• EXERCISE: Please copy the data below exactly; none of the pictures in it belong in the copy.

• RECORDS SHOWN:
-- Opening Marker --

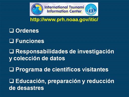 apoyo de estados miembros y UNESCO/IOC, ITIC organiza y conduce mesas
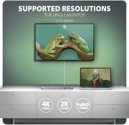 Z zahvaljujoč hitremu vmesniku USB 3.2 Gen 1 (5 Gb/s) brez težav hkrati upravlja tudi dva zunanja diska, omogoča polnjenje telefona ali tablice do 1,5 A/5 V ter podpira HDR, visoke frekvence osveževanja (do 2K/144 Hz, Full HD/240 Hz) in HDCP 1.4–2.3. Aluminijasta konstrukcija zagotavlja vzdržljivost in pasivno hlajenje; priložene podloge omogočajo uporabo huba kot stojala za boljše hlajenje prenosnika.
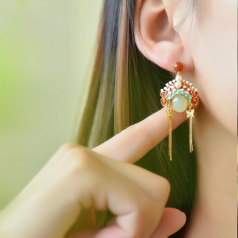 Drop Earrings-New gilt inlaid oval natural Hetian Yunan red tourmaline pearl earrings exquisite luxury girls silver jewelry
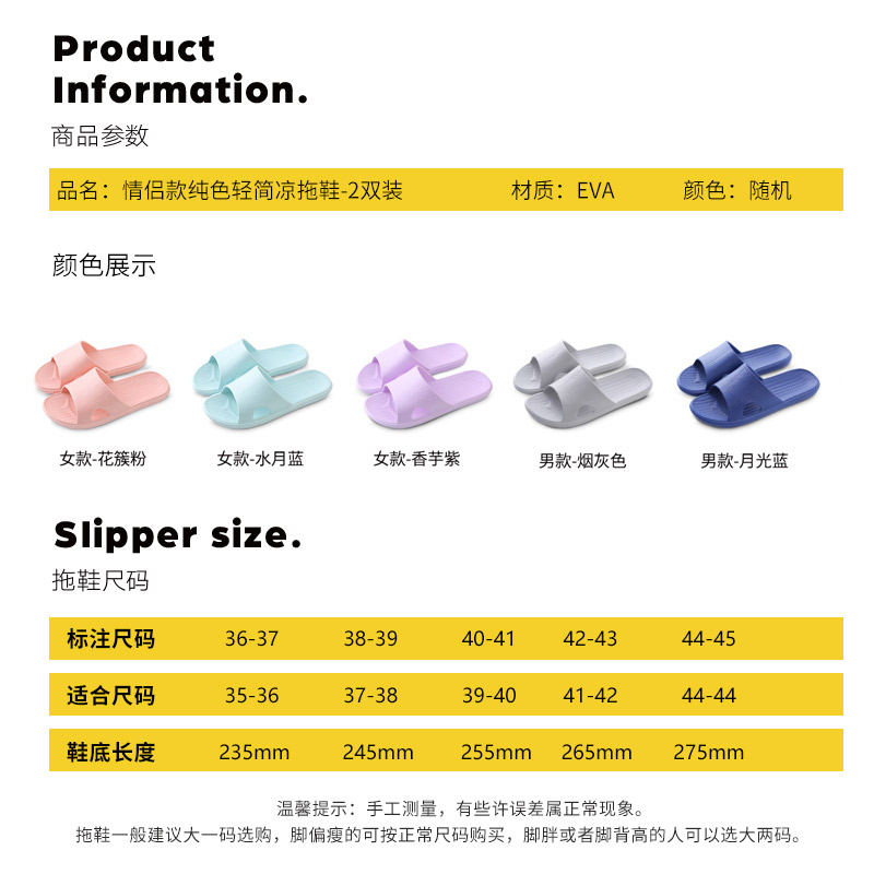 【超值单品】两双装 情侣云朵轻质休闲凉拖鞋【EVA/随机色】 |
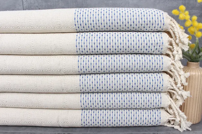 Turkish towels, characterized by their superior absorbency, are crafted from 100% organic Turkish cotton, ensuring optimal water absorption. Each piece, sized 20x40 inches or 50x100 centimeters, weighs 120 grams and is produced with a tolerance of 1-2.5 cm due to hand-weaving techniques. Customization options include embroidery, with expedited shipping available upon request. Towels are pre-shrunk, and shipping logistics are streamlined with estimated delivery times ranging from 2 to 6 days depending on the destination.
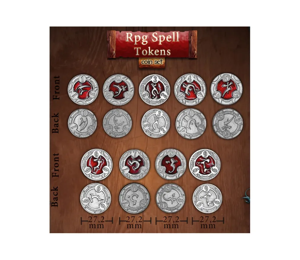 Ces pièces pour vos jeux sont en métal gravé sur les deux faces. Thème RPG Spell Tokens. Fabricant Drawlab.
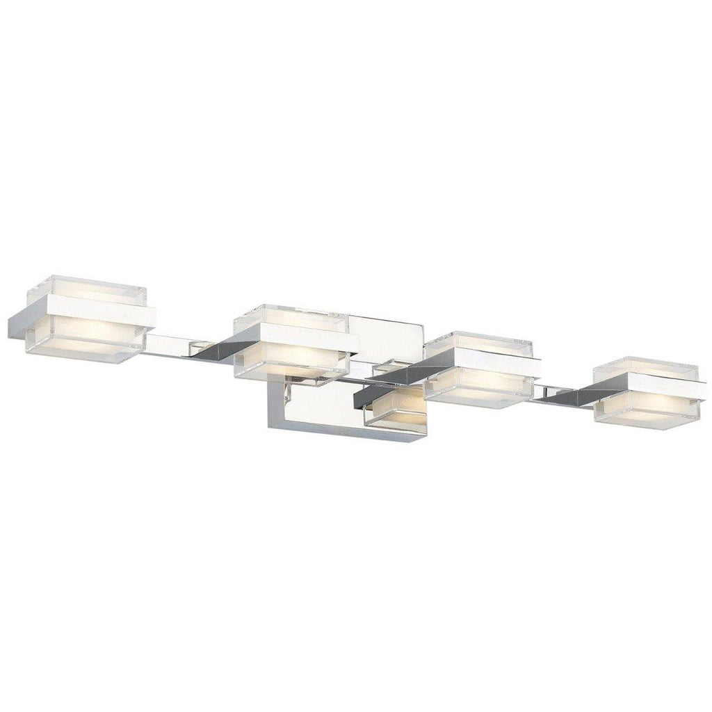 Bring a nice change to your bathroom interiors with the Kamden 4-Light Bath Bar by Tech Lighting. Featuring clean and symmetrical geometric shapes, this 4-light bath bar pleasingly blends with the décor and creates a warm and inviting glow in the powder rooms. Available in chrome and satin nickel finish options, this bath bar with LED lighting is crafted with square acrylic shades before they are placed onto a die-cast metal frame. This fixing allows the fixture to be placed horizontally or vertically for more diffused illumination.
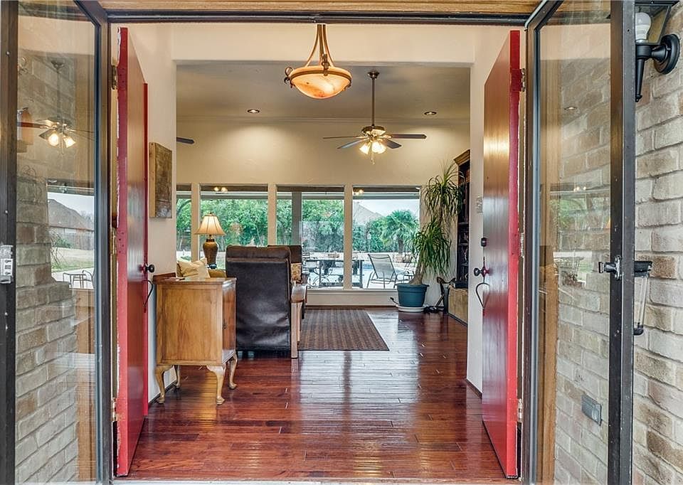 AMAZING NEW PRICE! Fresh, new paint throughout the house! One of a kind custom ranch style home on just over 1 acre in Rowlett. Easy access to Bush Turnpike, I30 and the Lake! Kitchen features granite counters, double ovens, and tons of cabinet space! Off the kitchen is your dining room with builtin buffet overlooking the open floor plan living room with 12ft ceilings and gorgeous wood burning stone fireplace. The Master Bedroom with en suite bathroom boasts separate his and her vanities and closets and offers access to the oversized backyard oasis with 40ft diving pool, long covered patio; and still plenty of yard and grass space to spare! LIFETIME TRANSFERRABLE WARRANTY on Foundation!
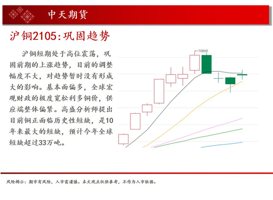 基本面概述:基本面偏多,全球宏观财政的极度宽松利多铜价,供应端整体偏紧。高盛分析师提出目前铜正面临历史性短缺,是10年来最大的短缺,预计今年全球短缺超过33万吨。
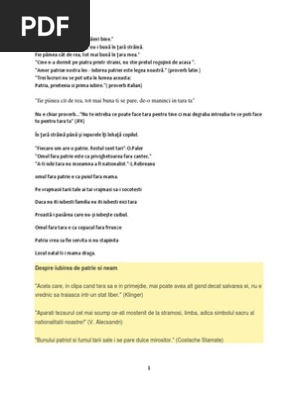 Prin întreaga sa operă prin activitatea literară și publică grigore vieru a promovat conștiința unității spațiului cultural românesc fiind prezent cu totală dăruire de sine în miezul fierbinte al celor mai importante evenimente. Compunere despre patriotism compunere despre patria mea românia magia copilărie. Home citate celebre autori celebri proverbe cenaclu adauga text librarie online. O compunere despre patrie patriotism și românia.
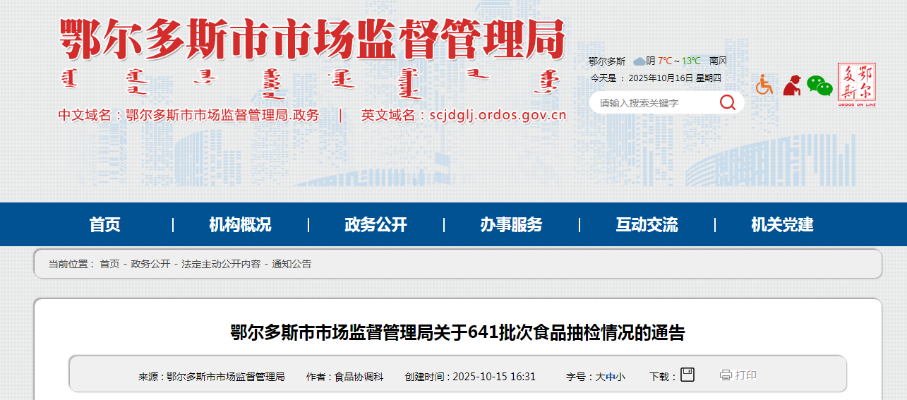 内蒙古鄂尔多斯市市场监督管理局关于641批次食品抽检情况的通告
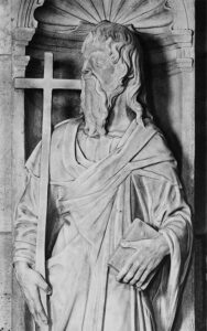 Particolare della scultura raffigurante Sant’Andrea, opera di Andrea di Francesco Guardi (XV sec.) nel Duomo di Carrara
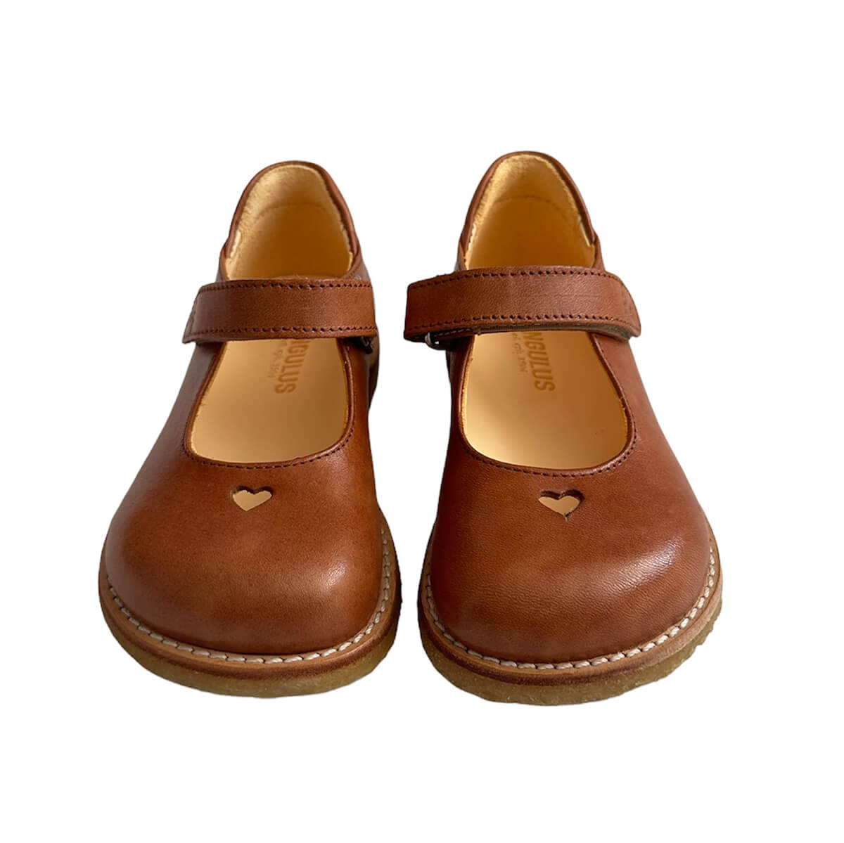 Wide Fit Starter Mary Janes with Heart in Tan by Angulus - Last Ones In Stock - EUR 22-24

-- Closing Marker --

• RESULT:
 apoyo de estados miembros y UNESCO/IOC, ITIC organiza y conduce mesas
 Z zahvaljujoč hitremu vmesniku USB 3.2 Gen 1 (5 Gb/s) brez težav hkrati upravlja tudi dva zunanja diska, omogoča polnjenje telefona ali tablice do 1,5 A/5 V ter podpira HDR, visoke frekvence osveževanja (do 2K/144 Hz, Full HD/240 Hz) in HDCP 1.4–2.3. Aluminijasta konstrukcija zagotavlja vzdržljivost in pasivno hlajenje; priložene podloge omogočajo uporabo huba kot stojala za boljše hlajenje prenosnika.
 Drop Earrings-New gilt inlaid oval natural Hetian Yunan red tourmaline pearl earrings exquisite luxury girls silver jewelry
 【超值单品】两双装 情侣云朵轻质休闲凉拖鞋【EVA/随机色】 |
 Turkish towels, characterized by their superior absorbency, are crafted from 100% organic Turkish cotton, ensuring optimal water absorption. Each piece, sized 20x40 inches or 50x100 centimeters, weighs 120 grams and is produced with a tolerance of 1-2.5 cm due to hand-weaving techniques. Customization options include embroidery, with expedited shipping available upon request. Towels are pre-shrunk, and shipping logistics are streamlined with estimated delivery times ranging from 2 to 6 days depending on the destination.
 Ces pièces pour vos jeux sont en métal gravé sur les deux faces. Thème RPG Spell Tokens. Fabricant Drawlab.
 Bring a nice change to your bathroom interiors with the Kamden 4-Light Bath Bar by Tech Lighting. Featuring clean and symmetrical geometric shapes, this 4-light bath bar pleasingly blends with the décor and creates a warm and inviting glow in the powder rooms. Available in chrome and satin nickel finish options, this bath bar with LED lighting is crafted with square acrylic shades before they are placed onto a die-cast metal frame. This fixing allows the fixture to be placed horizontally or vertically for more diffused illumination.
 AMAZING NEW PRICE! Fresh, new paint throughout the house! One of a kind custom ranch style home on just over 1 acre in Rowlett. Easy access to Bush Turnpike, I30 and the Lake! Kitchen features granite counters, double ovens, and tons of cabinet space! Off the kitchen is your dining room with builtin buffet overlooking the open floor plan living room with 12ft ceilings and gorgeous wood burning stone fireplace. The Master Bedroom with en suite bathroom boasts separate his and her vanities and closets and offers access to the oversized backyard oasis with 40ft diving pool, long covered patio; and still plenty of yard and grass space to spare! LIFETIME TRANSFERRABLE WARRANTY on Foundation!
 基本面概述:基本面偏多,全球宏观财政的极度宽松利多铜价,供应端整体偏紧。高盛分析师提出目前铜正面临历史性短缺,是10年来最大的短缺,预计今年全球短缺超过33万吨。
 Prin întreaga sa operă prin activitatea literară și publică grigore vieru a promovat conștiința unității spațiului cultural românesc fiind prezent cu totală dăruire de sine în miezul fierbinte al celor mai importante evenimente. Compunere despre patriotism compunere despre patria mea românia magia copilărie. Home citate celebre autori celebri proverbe cenaclu adauga text librarie online. O compunere despre patrie patriotism și românia.
 内蒙古鄂尔多斯市市场监督管理局关于641批次食品抽检情况的通告
 Particolare della scultura raffigurante Sant’Andrea, opera di Andrea di Francesco Guardi (XV sec.) nel Duomo di Carrara
 Wide Fit Starter Mary Janes with Heart in Tan by Angulus - Last Ones In Stock - EUR 22-24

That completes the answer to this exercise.